Similarly, in Germany, and Greger204 Popella describe two cases of what they believe a new diagnostic category, the "olfactory hallucinations monosymptomatic" (non-schizophrenic), which relate to previous contributions of other authors as Uberwertigkeits-wahnpsychose of Birnbaum205, hypochondriac paranoia (hypochondrische Paranoia) of Reichardt206 and monosymptomatic hallucinosis (monosymptomatische Geruchshalluzinose) Mayer-Gross151.

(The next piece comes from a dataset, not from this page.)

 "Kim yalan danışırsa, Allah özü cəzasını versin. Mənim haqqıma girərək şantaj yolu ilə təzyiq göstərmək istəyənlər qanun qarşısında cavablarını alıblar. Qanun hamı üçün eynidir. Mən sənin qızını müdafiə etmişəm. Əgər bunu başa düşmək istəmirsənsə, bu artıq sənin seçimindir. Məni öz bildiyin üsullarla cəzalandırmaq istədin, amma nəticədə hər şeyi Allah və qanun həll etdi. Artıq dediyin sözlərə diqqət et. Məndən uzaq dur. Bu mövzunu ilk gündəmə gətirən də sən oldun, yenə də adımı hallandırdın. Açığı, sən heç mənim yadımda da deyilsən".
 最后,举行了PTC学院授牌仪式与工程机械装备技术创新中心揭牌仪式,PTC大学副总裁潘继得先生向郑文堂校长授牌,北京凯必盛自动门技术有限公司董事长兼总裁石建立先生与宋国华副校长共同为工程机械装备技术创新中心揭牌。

Videbech extensively described five cases of what he calls "olfactory paranoid syndrome chronic" 207, a special form of sensory development of personality characterized by paranoid ideas of body odor release, although not all cases are associated with olfactory hallucinations. The interpersonal relationship is marked by intense phobic reaction as the patient performs all acts, verbal and extraverbal, others as allusions to the stench. The course is usually chronic which inevitably leads to a marked social withdrawal and isolation. Also characteristic of the syndrome relief felt by patients and improved symptoms when they are alone or within their family circle. The previous personality is characterized by the existence of sensitive features, and obsessive perfectionists, with a marked feelings of inferiority.

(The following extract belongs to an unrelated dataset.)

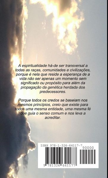 A espiritualidade há-de ser transversal a todas as raças, comunidades e civilizações, porque é nela que reside a esperança de a vida não ser apenas um momento sem significado ou propósito para além da propagação da genética herdada dos predecessores. Porque todos os credos se baseiam nos mesmos princípios, creio que existe para todos uma mesma entidade, uma mesma fé que guia o senso comum e nos leva a acreditar.

With this background, Pryse-Phillips208, 209 identified syndromes clinicians appearing in olfactory hallucinations: schizophrenia, depression, epilepsy and focal called "olfactory reference syndrome." For Pryse-Phillips, olfactory hallucinations may be intrinsic, in which the patient perceives the smell emanating from his own body, and extrinsic, when located in outer space. The patient's reaction to the hallucinations may be "minimal", "reasonable" and "contrition". The latter refers to the sensitive reaction of guilt and shame felt by the patient when he is convinced that his body stinks and that, therefore, is the subject of ongoing rejection by others. In this sense, Japanese psychiatry has identified olfactory delusional syndrome with taijin-Kyofu-sho ("social anxiety"), a category similar to social phobia with the difference that in the first patients fear annoy or disturb others with supposedly despedido210 odor.

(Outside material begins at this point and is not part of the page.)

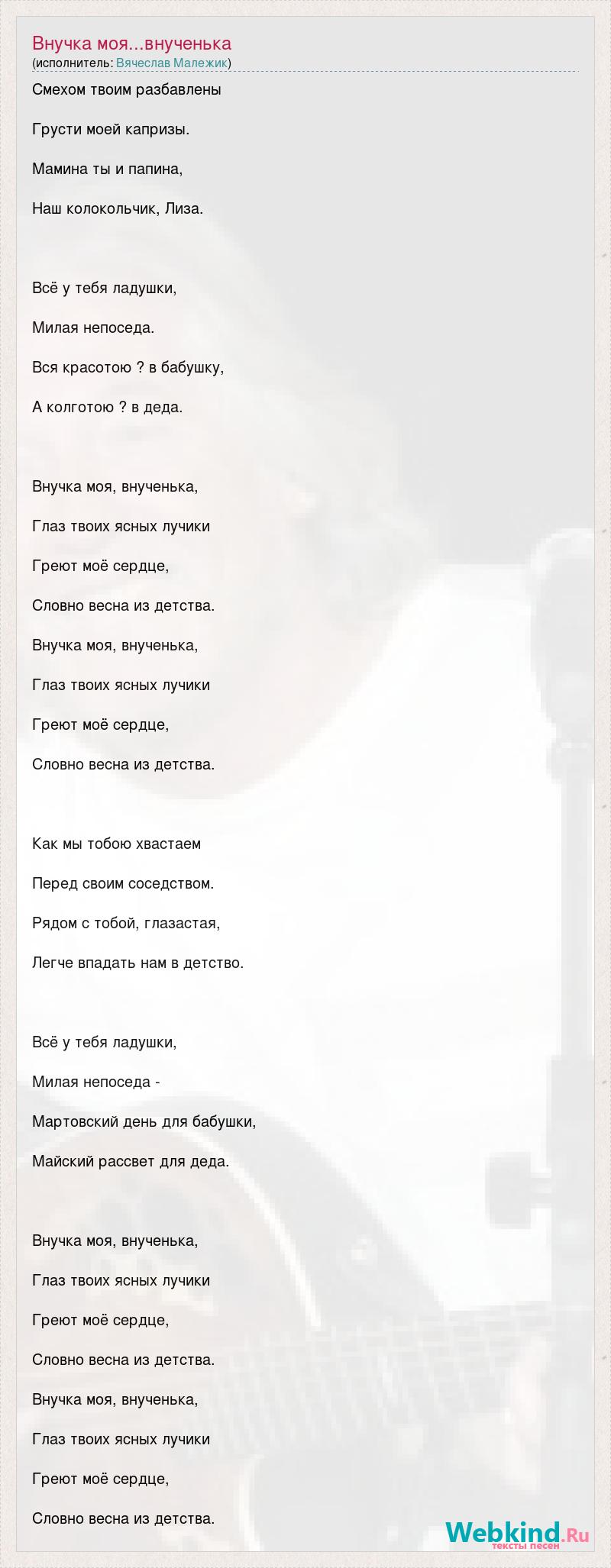 Смехом твоим разбавлены Грусти моей капризы. Мамина ты и папина, Наш колокольчик, Лиза. Всё у тебя ладушки, Милая непоседа. Вся красотою ? в бабушку, А колготою ? в деда. Внучка моя, внученька, Глаз твоих ясных лучики Греют моё сердце, Словно весна из детства. Внучка моя, внученька, Глаз твоих ясных лучики Греют моё сердце, Словно весна из детства. Как мы тобою хвастаем Перед своим соседством. Рядом с тобой, глазастая, Легче впадать нам в детство. Всё у тебя ладушки, Милая непоседа - Мартовский день для бабушки, Майский рассвет для деда. Внучка моя, внученька, Глаз твоих ясных лучики Греют моё сердце, Словно весна из детства. Внучка моя, внученька, Глаз твоих ясных лучики Греют моё сердце, Словно весна из детства.

The "olfactory reference syndrome" is more common in young men and is characterized by the presence of intrinsic and unpleasant olfactory hallucinations, which appear in the foreground of the clinical picture and produce a reaction of shame, guilt and discomfort. It is usually accompanied by other symptoms except some of the depressed area, which are always secondary ("reactive") to the occurrence of hallucinations, ideas of reference or sensitive and systematized delusions rare side when the patient is in the company of others. The feeling of shame for detached body odor leads the patient to avoid social relations but the operation is not affected labor or other symptoms suggestive of a schizophrenic process. Pryse-Phillips says the olfactory reference syndrome may be included in the sensitive delusion of reference described in 1918 by Kretschmer211, provided that the experience of body odor is considered the "ultimate experience" leading to "shameful experience of failure, of moral inferiority. " Also, both the personality of these patients, which Kretschmer defined as "extraordinary emotional softness, weakness and vulnerability, and some ambition and stubbornness" - as "sensitive reaction" is similar to delirium reference. Regarding the nature of the olfactory reference syndrome, Pryse-Phillips for the reaction of shame to body odor is a "comprehensive development" to social rejection, regardless of whether real or hallucinated smell. Even the fear of odor release can be hallucinated olfactory perception, which the author represents an example of "psychogenic production" of a true hallucination.